E’ già l’anteprima dello Scafandro Cousteau-Gagnant che sarà inventato 80 anni piu’tardi!
Di un peso totale di circa 90 kg. questo Scafandro è molto stabile, resistente e munito di un collegamento telefonico con la superficie. Dotati di un largo casco a oblò e delle scarpe di piombo i Palombari possono scendere a delle maggiori profondità ed effettuare diverse operazioni.
La grande epoca dei “Piedi pesanti” comincia.
Questo nuovo Sistema prenderà il nome di
Self-Contained Underwater Breathing Apparatus (SCUBA) ,Apparato per la Respirazione Subacquea Autocontrollato.
Si tratta dunque di un equipaggiamento comprendente una bombola d’Aria che permette all’Operatore d’essere autonomo dalla superficie. Troppo caro , difficile alla fabbricazione
e di capacità limitata il Sistema Rouquayol-Denayrouse sparisce rapidamente dalla circolazione.


Nel 1878, Henry Fleuss, un Ufficiale di Marina, sviluppa un sistema a circuito chiuso utilizzante l’Ossigeno.
E’ composto di una maschera in caucciù stagna ed un sacco comunicante con una bombola di rame riempita d’Ossigeno.
Il suo Sistema fu in seguito utilizzato per salvare dei minatori prigionieri nelle loro mine a causa d’inondazioni.

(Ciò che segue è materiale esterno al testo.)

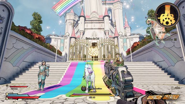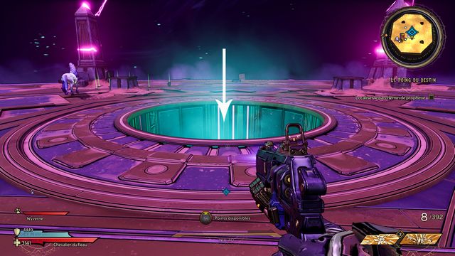 Tirez sur la cible (photo ci-dessous à gauche) pour être éjecté. Entrez dans "La Crête du Destin" (photo ci-dessous à droite).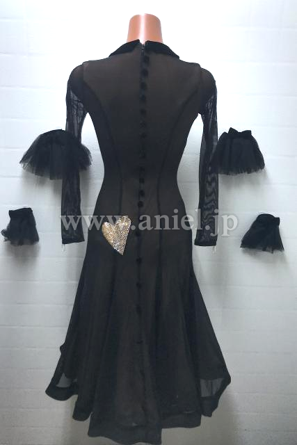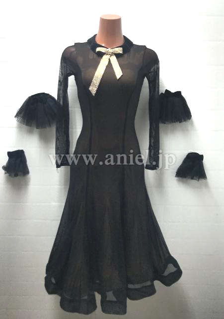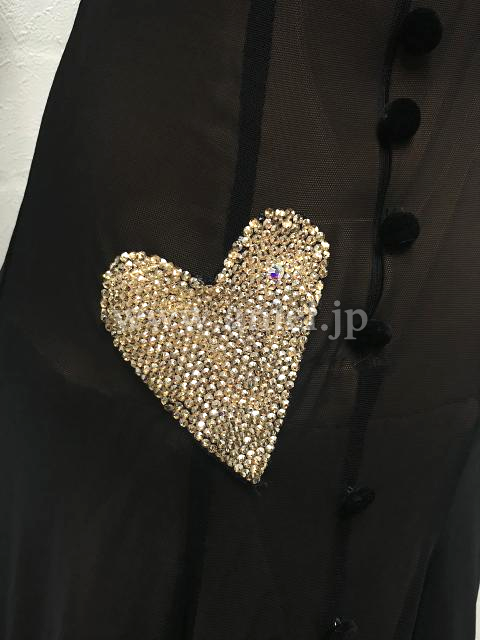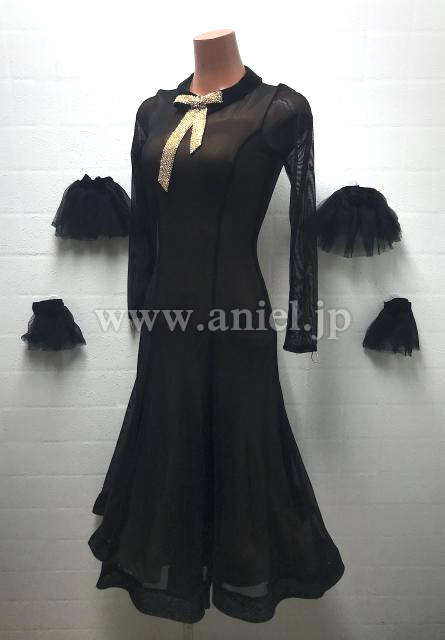 黒のシンプルなボディにゴールドストーンのリボンがポイントになっているキュートなドレスです。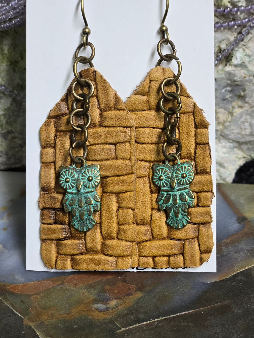Tan Leather Basket Weave & Brass Owl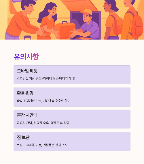 | 모바일 티켓 | 스크린샷 저장 권장 (데이터 끊김·배터리 대비) |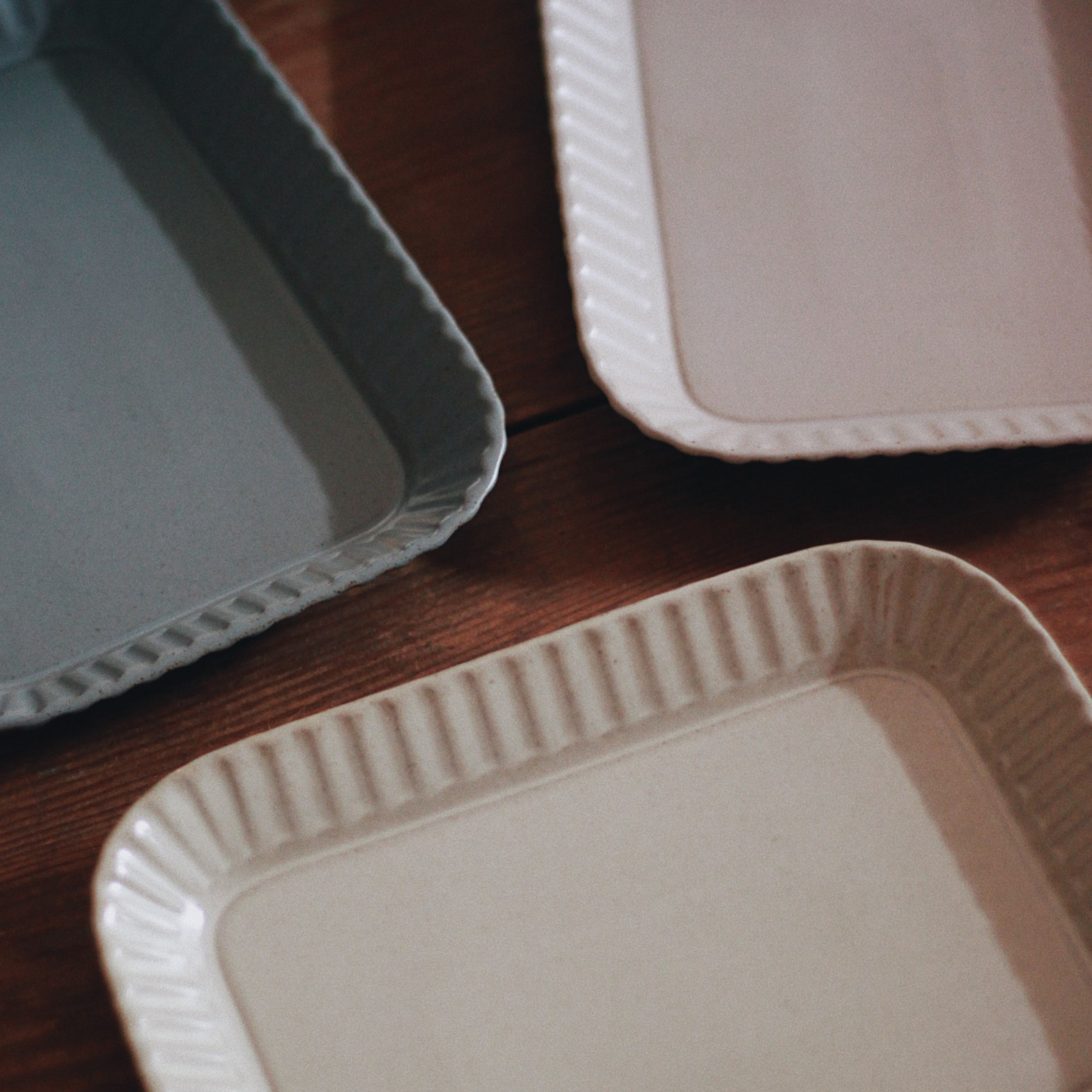 可以當餐盤也適合承裝沙拉、點心、飯麵,顏色分別為淡色溫潤的湖水藍、淺米黃與藕粉灰,有方形與長方形兩種尺寸可供選擇。

Nel frattempo i Cassoni fanno progressi grazie a delle pompe si riesce anche a togliere l’acqua infiltratasi.
Però giacché gli uomini possono restare dentro di essi piu’ a lungo, il ” mal dei Cassoni” fa di piu’ in piu’ di vittime.
Nel 1878 un fisiologo francese, Paul Bert, si interessa al fenomeno e ne spiegherà le cause.
Paul Bert descrisse il ruolo tossico dell’Ossigeno puro di là da una certa durata e degli effetti dell’Aria respirata per troppo tempo sotto pressione. Descrisse anche il ruolo dell’Azoto nel sangue e nei tessuti degli Operatori Subacquei ed i suoi effetti nefasti durante la risalita.
Suggerisce quindi agli Operatori di raggiungere piu’ lentamente la Superficie e che essi siano ricompressi in Cassoni all’Ossigeno puro per periodi limitati.
Malgrado queste misure gli incidenti restano numerosi.

Tra il 1896 ed il 1907, Sir J.S.Haldane, un fisiologo inglese, riprende le esperienze di P.Bert.
Dopo aver ben studiato il Mal dei Cassoni stabilisce che il Sommozzatore deve fare una tappa (di decompressione) ogni volta che la pressione che subisce in risalita è divisa per due.
E’ la nascita del principio su cui sono fondate le tabelle di decompressione anche attuali. Dal 1907 sia le Marine Europee che quella Americana adottano i suoi principi.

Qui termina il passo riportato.